- [WHAT TO DO] In the material below, find the line with "新天水讯【记者 张彬霞】端午" and the line with "通过上表可以看出,2024年", then output both and every line between them exactly, omitting pictures.

- [EXERCISE MATERIAL]
___
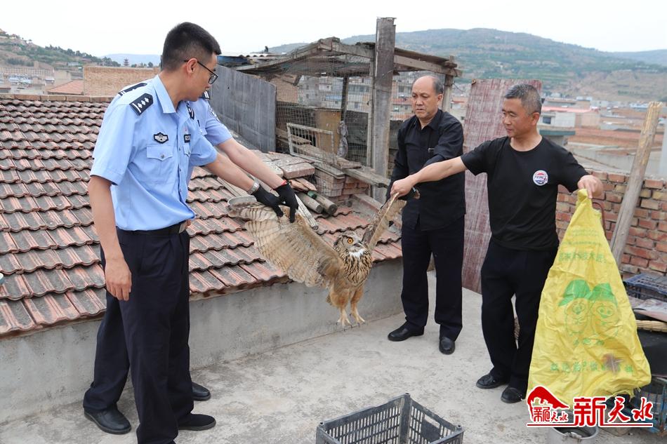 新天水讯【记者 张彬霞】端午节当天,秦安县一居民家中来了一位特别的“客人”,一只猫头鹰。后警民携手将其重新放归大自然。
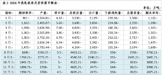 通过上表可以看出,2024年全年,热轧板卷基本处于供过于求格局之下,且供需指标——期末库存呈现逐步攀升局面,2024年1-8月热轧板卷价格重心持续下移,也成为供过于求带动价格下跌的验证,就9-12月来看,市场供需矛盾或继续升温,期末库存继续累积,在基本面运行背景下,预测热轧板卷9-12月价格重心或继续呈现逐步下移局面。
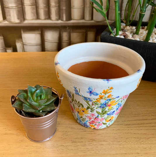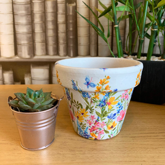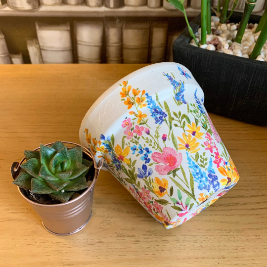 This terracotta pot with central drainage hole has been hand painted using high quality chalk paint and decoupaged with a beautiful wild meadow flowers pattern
___
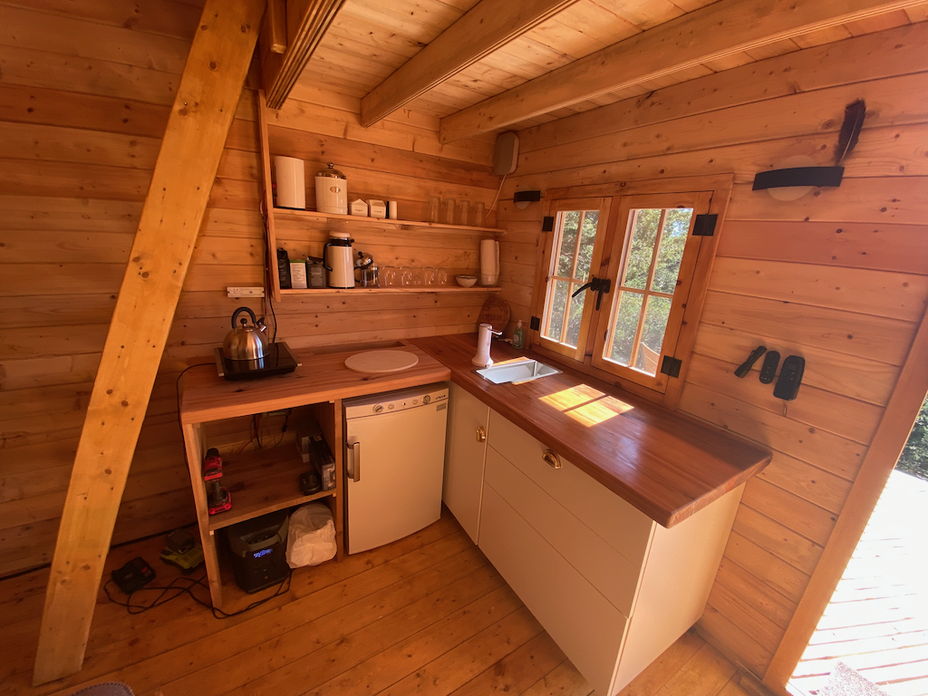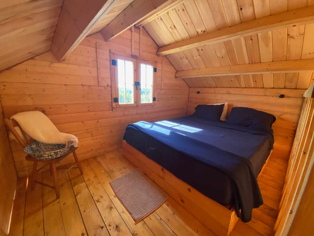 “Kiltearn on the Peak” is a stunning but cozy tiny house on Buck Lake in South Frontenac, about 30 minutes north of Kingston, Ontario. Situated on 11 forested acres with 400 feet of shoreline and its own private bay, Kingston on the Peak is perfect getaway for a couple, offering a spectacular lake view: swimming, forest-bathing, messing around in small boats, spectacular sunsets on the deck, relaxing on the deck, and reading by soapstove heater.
___
- [RESULT]
 新天水讯【记者 张彬霞】端午节当天,秦安县一居民家中来了一位特别的“客人”,一只猫头鹰。后警民携手将其重新放归大自然。
 通过上表可以看出,2024年全年,热轧板卷基本处于供过于求格局之下,且供需指标——期末库存呈现逐步攀升局面,2024年1-8月热轧板卷价格重心持续下移,也成为供过于求带动价格下跌的验证,就9-12月来看,市场供需矛盾或继续升温,期末库存继续累积,在基本面运行背景下,预测热轧板卷9-12月价格重心或继续呈现逐步下移局面。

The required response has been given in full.